#1 resource for Cigar Box Guitars, Free Plans, How-To, Parts & More!
Cigar Box Nation is sponsored by C. B. Gitty Crafter Supply, your one-stop-shop for Cigar Box Guitar parts and accessories!
I put a D'Addario Nickel wound 32 (acoustic or electric) string on this 3 string I'm working with, tuned it to G, because that's what was recommended for my lap steel, and it sounds kinda flabby and dead. 25.5" nut to bridge, 34" tuner to tailpiece. 1x2 oak neck, fiberboard box (approx 3"x7"x7"), one 1.5" hole in the top.

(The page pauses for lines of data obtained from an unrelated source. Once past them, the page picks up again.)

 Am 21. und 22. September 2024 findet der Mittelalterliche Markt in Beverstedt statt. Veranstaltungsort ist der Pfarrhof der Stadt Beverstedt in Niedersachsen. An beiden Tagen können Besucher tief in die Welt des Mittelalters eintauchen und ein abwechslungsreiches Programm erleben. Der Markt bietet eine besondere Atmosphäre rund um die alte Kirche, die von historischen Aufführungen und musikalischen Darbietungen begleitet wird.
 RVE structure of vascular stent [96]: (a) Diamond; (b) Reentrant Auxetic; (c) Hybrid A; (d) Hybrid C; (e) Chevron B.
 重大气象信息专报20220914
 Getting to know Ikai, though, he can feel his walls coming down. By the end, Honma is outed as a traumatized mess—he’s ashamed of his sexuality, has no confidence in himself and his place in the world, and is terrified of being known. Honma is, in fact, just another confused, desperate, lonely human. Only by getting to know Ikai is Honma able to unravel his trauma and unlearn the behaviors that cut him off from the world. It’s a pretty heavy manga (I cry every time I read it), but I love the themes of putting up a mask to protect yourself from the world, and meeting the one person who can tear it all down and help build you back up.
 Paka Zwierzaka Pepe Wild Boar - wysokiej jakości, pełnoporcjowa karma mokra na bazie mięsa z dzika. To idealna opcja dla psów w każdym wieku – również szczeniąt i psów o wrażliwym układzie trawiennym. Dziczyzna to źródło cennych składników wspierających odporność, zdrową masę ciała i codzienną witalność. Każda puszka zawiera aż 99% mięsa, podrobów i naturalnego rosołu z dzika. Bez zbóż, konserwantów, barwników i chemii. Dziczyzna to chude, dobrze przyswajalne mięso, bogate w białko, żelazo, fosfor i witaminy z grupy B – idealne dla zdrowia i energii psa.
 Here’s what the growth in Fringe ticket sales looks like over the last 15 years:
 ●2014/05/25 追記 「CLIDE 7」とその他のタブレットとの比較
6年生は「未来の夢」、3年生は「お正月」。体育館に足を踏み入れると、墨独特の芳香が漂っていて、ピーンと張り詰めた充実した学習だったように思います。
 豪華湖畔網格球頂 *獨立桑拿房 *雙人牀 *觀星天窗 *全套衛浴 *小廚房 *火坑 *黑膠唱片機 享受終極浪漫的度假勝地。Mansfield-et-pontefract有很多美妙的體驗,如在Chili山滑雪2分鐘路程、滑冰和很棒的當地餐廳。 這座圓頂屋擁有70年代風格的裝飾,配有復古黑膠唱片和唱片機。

1/4" bolt for nut, 1/2" bolt for bridge.
Wide changes in note value with turns of tuner at this tension. It got about at tight as on my lapsteel when I had it tuned to the E above this G value, but was starting to feel too tight at that point. Lapsteel has a shorter nut to bridge length, 21". I guess maybe that's it right there, longer playing length on the diddley means lower pitch for same tension.
Any other ideas?
Any suggestions for gauges for a GDG tuning, maybe in the mid-range, not high. Maybe this should be my D string. I want to play this both fingered and slide. No frets right now. Maybe none ever. Photo included. Sorry for the low light. Well, the photo didn't show in the preview. Let's see if it shows when I post.
What would be a suggested nut and bridge height for an unfretted slide/finger guitar?
Pardon me for thinking like Pythagorus, but, I now see why you want the tailpiece connect points as near the bridge as possible. The downward force is going to be the ratio of the height (sine) to the hypoteneuse, if my one or two engineering classes from 45 years ago are still telling me anything intelligent.
So, the nearer the tailpiece to the bridge, the more downward pressure on the box top by the bridge.
Say, I don't have much of a woodshop right now. How did you cut the finger joints on the corners of one of those boxes I saw on your profile. Seemed there was only two fingers near the center of the corner.
I'm downstairs right now using a hand miter saw jig to cut the corners of a box I'm building because it was going to cost me too much money to go the finger joint route. I don't have a table saw at the moment. Just a router table, and I'm still setting that up. I know how I can do box joints with the router, but still need to get there, build the setup, etc. Haven't touched it in years.
A .032 gauge is good for around a "D" on that scale, so either tune it to a D, or change the gauge.
For a low G you'll want something like a .044, or a high G about an .023
By the way, that Strothers link is for Dulcimers and the string gauges are totally inappropriate for guitars in my view.